With inflation trends continuing its downward trajectory, more attention has been put on the strength of the labour market. One of the catalysts for the August pullback were fears that that labour market was showing weakness. Afterall, the labour market has been adding fewer jobs than expected, wage growth has been waning and the unemployment rate appears to be steadily rising. Without any imminent government intervention in the form of rate cuts, the fear is that the economy could be heading towards a recession. That being said, our team believes it is still pre-mature to come to this conclusion as discussed in a previous blog.
With the unemployment rate in focus, investors have seen it steadily rise from 3.7% in January to 4.3% in July. History has shown that when unemployment picks up momentum, it generally does not stop without any external support or stimulus to the economy. That being said, we believe investors should discern the reason why unemployment is rising, as the details do impact the overall context of the economic environment.
As shown below, the labour force has increased meaningfully. In other words, the supply of labour has increased. The reasons for this increase can be attributed to immigration policy, new entrants into the workforce and those re-entering the workforce (potentially lured back by higher wages). The increase in the supply of labour could be interpreted by some as a ‘positive’, as only a robust and resilient economy would result in an increased labour force participation.

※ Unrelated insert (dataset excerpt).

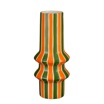 Hoe prachtig is deze vaas? Gemaakt van hoogwaardig porselein en in de kleuren groen en oranje die in verticale lijnen over de vaas lopen. Doordat de vaas een smalle opening heeft, is hij erg geschikt voor een paar bloemen - dat staat erg schattig in jouw interieur! De hoogte is 23,5 cm en de diameter is 9,5 cm. Weet jij al waar je hem gaat zetten?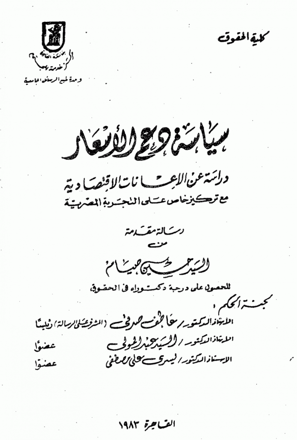 سياسة دعم الأسعار : دراسة عن الإعلانات الإقتصادية مع تركيز خاص على التجربة المصرية / إعداد السيد حسين صيام ؛ إشراف الأستاذ الدكتور عاطف صدقي. by

Ultimately, those job seekers will not secure employment immediately. There will be time needed to absorb these workers and hence, the increase in the unemployment rate should be expected. However, this rise in unemployment feel less ominous than if it were due to a decrease in demand for labour or from mass layoffs. There has been no clear evidence of this thus far. Hence, we feel comfortable keeping our eye on the variables influencing unemployment and look for further weakness in the consumer and corporate earnings before we sound the alarm for a recession.